À l'heure actuelle, l'amélioration de la sécurité énergétique en Ukraine – pour que les lumières restent allumées et que les systèmes de chauffage fonctionnent – est une condition préalable essentielle pour permettre au secteur privé de continuer à fonctionner et pour garantir l'accès quotidien des citoyens aux services vitaux.

C'est pourquoi la sécurité énergétique est l'une des priorités de la BERD dans son soutien à l'Ukraine, pendant la phase actuelle de guerre. En plus d'endommager les infrastructures ukrainiennes, la guerre a fortement aggravé l'insécurité énergétique dans tous les secteurs. Cela inclut les dommages causés aux sites nucléaires de Tchernobyl et de Zaporijia.

C'est la raison pour laquelle la BERD a décidé de fournir près de 150 M€ de liquidités d'urgence à Ukrenergo, la compagnie d'électricité du pays, avec le soutien de donateurs comme l'UE et les pays du G7. Ce soutien vise à garantir le bon fonctionnement du réseau électrique ukrainien et à maintenir l'approvisionnement en électricité des industries et des ménages. Depuis le début de la guerre, la compagnie d'électricité est confrontée à d'importants impayés de la part de ses clients, ainsi qu'à une réduction de 30 % de la consommation d'électricité et aux pertes de revenus qui en découlent. Malgré toutes ces difficultés, Ukrenergo a achevé l'intégration technique de son réseau électrique avec celui de l'UE au début de la guerre et prévoit maintenant d'utiliser cette nouvelle connexion pour vendre de l'électricité sur le marché européen.
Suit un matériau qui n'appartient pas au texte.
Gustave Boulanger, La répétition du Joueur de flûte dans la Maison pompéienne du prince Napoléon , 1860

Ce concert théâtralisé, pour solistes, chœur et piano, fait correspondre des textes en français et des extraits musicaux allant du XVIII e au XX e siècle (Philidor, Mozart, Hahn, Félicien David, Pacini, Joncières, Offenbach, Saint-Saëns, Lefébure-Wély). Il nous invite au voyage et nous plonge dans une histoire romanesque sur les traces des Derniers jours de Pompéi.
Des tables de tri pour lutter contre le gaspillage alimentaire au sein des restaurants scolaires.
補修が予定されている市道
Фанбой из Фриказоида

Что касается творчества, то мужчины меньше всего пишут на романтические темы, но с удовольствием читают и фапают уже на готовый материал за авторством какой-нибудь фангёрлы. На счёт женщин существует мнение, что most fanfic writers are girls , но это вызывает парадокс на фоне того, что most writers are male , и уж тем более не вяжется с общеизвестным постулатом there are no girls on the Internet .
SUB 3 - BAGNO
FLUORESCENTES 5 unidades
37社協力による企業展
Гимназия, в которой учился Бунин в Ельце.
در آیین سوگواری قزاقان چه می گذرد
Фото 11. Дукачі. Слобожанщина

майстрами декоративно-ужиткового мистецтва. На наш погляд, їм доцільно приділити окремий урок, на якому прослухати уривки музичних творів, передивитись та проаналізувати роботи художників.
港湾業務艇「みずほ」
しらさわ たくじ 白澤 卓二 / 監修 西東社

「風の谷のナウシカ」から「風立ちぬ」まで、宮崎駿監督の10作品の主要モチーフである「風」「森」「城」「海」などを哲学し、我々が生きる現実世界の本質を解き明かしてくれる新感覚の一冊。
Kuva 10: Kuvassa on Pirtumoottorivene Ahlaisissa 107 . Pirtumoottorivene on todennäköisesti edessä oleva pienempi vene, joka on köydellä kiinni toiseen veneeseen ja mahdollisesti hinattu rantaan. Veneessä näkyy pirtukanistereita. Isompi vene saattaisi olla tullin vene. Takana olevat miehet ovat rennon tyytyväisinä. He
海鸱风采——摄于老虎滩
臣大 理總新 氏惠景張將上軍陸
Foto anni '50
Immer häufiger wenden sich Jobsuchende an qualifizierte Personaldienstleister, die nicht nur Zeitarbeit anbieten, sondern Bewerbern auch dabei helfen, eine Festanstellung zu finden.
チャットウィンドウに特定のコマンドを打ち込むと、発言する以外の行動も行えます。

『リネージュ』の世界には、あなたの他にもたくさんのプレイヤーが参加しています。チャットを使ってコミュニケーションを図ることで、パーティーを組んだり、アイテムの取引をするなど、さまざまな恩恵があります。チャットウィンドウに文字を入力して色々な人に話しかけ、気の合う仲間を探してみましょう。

Pour soutenir la sécurité énergétique de l'Ukraine, la BERD s'est également engagée à prêter jusqu'à 300 millions d'euros à la compagnie gazière Naftogaz. Ce prêt vise à aider Naftogaz à compenser la perte de production de gaz naturel et à approvisionner le système gazier du pays à temps pour la prochaine saison de chauffage. Il s'agit d'une mesure essentielle pour garantir une quantité suffisante de gaz dans le réseau et préserver l'accès aux services pour les personnes dont les moyens de subsistance et la sécurité économique sont menacés par la guerre. Le prêt contribuera également à soutenir l'intégration plus étroite du marché ukrainien du gaz avec l'UE. Naftogaz sera en mesure d'utiliser un mécanisme de passation de marchés concurrentiel pour s'approvisionner en gaz naturel auprès de négociants en gaz basés dans l'UE.

Le soutien aux infrastructures vitales est une autre préoccupation majeure de la BERD, avec des financements de près de 150 M€ à la compagnie ferroviaire ukrainienne UkrZalyznitsa. Non seulement cette compagnie fournit un mode de transport crucial pour aider les gens à se déplacer en Ukraine et soutenir la poursuite de l'activité économique, mais aussi elle apporte une contribution cruciale aux flux d'importations et d'exportations.
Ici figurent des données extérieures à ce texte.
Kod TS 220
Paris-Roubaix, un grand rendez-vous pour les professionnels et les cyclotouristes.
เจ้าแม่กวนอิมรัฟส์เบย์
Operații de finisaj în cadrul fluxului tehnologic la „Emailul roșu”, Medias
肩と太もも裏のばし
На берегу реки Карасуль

Bien que le blocus russe des ports ukrainiens de la mer Noire ait été partiellement levé au cours de l'été, la situation reste incertaine. Des alternatives logistiques viables doivent être recherchées pour les importations et les exportations via l'Europe, par la route ou le rail – en particulier les exportations de denrées alimentaires, étant donné que l'Ukraine est le « grenier de l'Europe », fournissant 10 % du blé et du maïs commercialisés dans le monde et plus du tiers de l'huile de tournesol. Malgré le conflit, les agriculteurs ukrainiens continuent de produire des céréales, à des niveaux estimés à environ trois quarts d'une année normale. Nous travaillons avec les parties prenantes concernées en Ukraine et dans les pays voisins – en particulier en Pologne, en Roumanie et en Moldavie – pour supprimer les goulets d'étranglement logistiques. La levée du blocus portuaire est une étape essentielle mais la résilience du système logistique européen nécessite une diversification des routes logistiques à moyen terme.
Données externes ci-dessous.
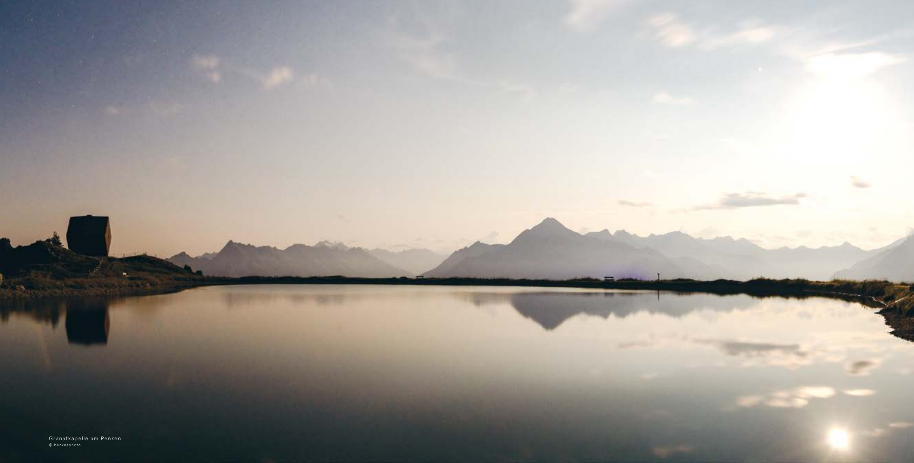
Granatkapelle am Penken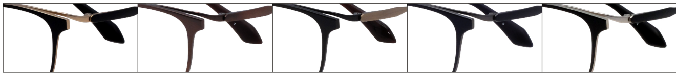
COL.1 Gold Mat(Black Mat) COL.3 Brown Mat COL.4 Black/Antique Gold COL.6 Gray Mat(Blue Mat) COL.14 Silver Mat(Black Mat)

DUN-2172 フルリム MEN'S サイズ: 50□18-140 (¥38.0) / カラー: 5色 / 素材: ゴムメタル、チタニウム / 生産地: 日本・福井県鯖江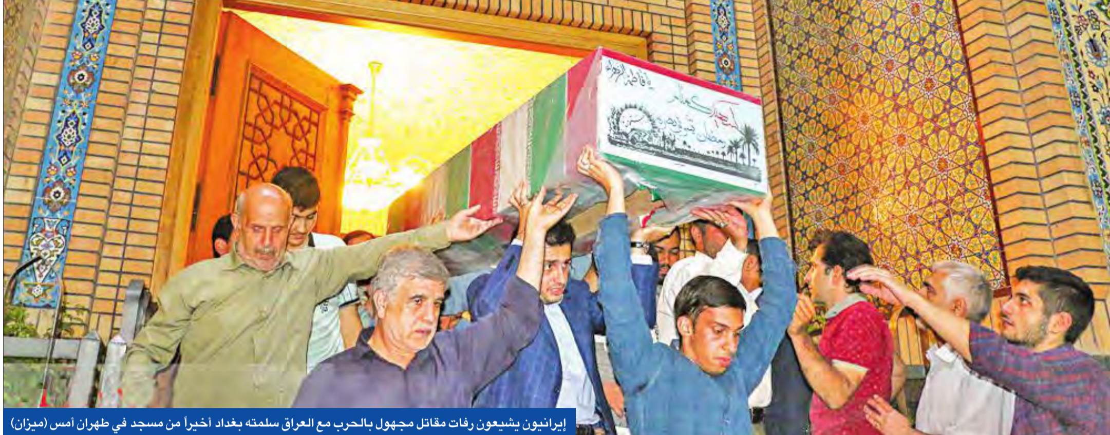
إيرانيون يشيعون وفات مقاتل مجهول بالحرب مع العراق سلمته بغداد أخيراً من مسجد في طهران أمس (ميران)

«الحرس الثوري» والأصوليون يخشون أن يمهد إطلاق كروبي وموسوي لانقلاب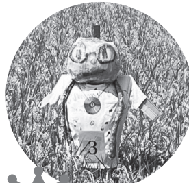
3 254票 ひかきんへび きらきらかかし (さくら・つばき)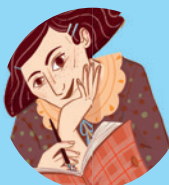
Anne Frank 29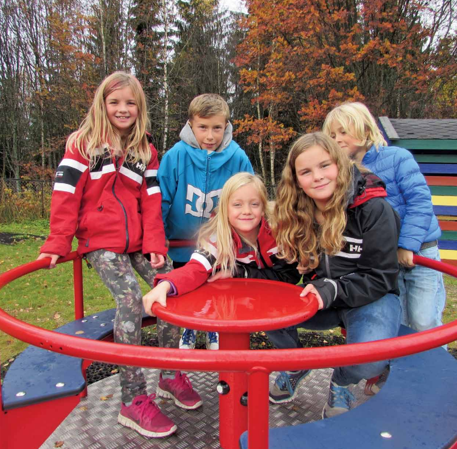
Burås Vel - støtte til lekeplass.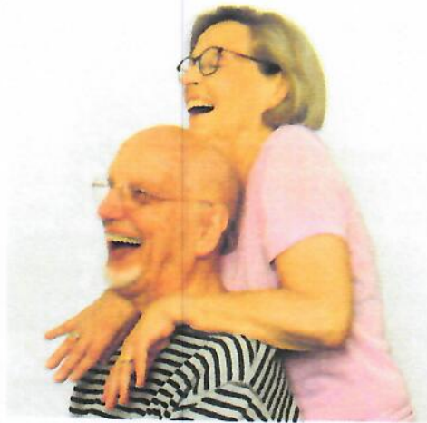
Abb. 4: Freude am Sein und am Tun

► Inhalte des Senioren-Programms: Mit diesem Programm wird älteren Menschen ein leicht erlernbarer und gegenseitig durchführbarer Behandlungsablauf vermittelt, der dem Shiatsu entstammt und durch Meridian-Aktivierungsübungen ergänzt wird.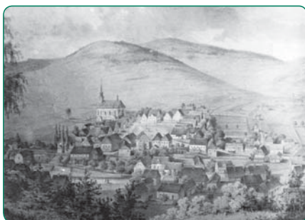
Obec Janov (1880)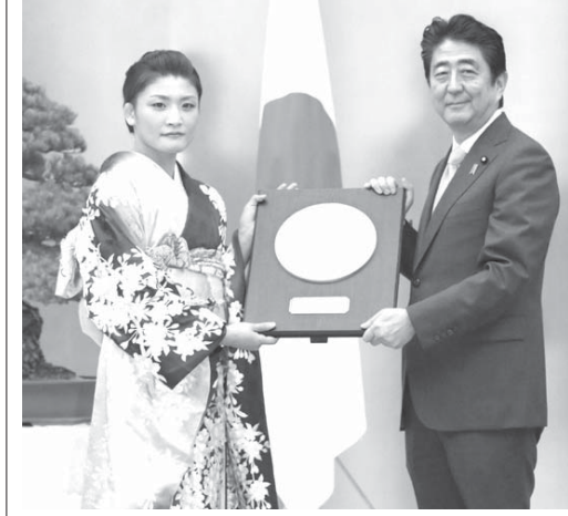
国民栄誉賞授与式で、安倍首相(右)から盾を受け取るレスリング女子58キロ級の伊調馨選手

【共同】リオデジャネイロ五輪で4連覇を達成したレスリング女子58キロ級の伊調馨選手(32)が、国民栄誉賞授与式で、安倍首相(右)から表彰状や記念品が贈られた。伊調選手は父親の春行さん、姉で五輪メダリストの千春さんらとともに出席し、安倍首相に「偉業を成し遂げ、多くの国民に深い感動と勇気を与えた」と表彰された。伊調選手は父親の春行さん、姉で五輪メダリストの千春さんらとともに出席し、安倍首相に「偉業を成し遂げ、多くの国民に深い感動と勇気を与えた」と表彰された。

Outre les besoins urgents en Ukraine auxquels nous répondons de manière déterminée et notre ambition de soutenir la reconstruction du pays après la guerre, la BERD reste attachée à ses priorités stratégiques à plus long terme, à savoir le soutien à l'économie verte, la numérisation et l'égalité des chances. Nous sommes fermement convaincus que les projets axés sur ces trois aspects amélioreront la compétitivité de nos pays d'opérations, relèveront le potentiel de croissance et renforceront la cohésion sociale.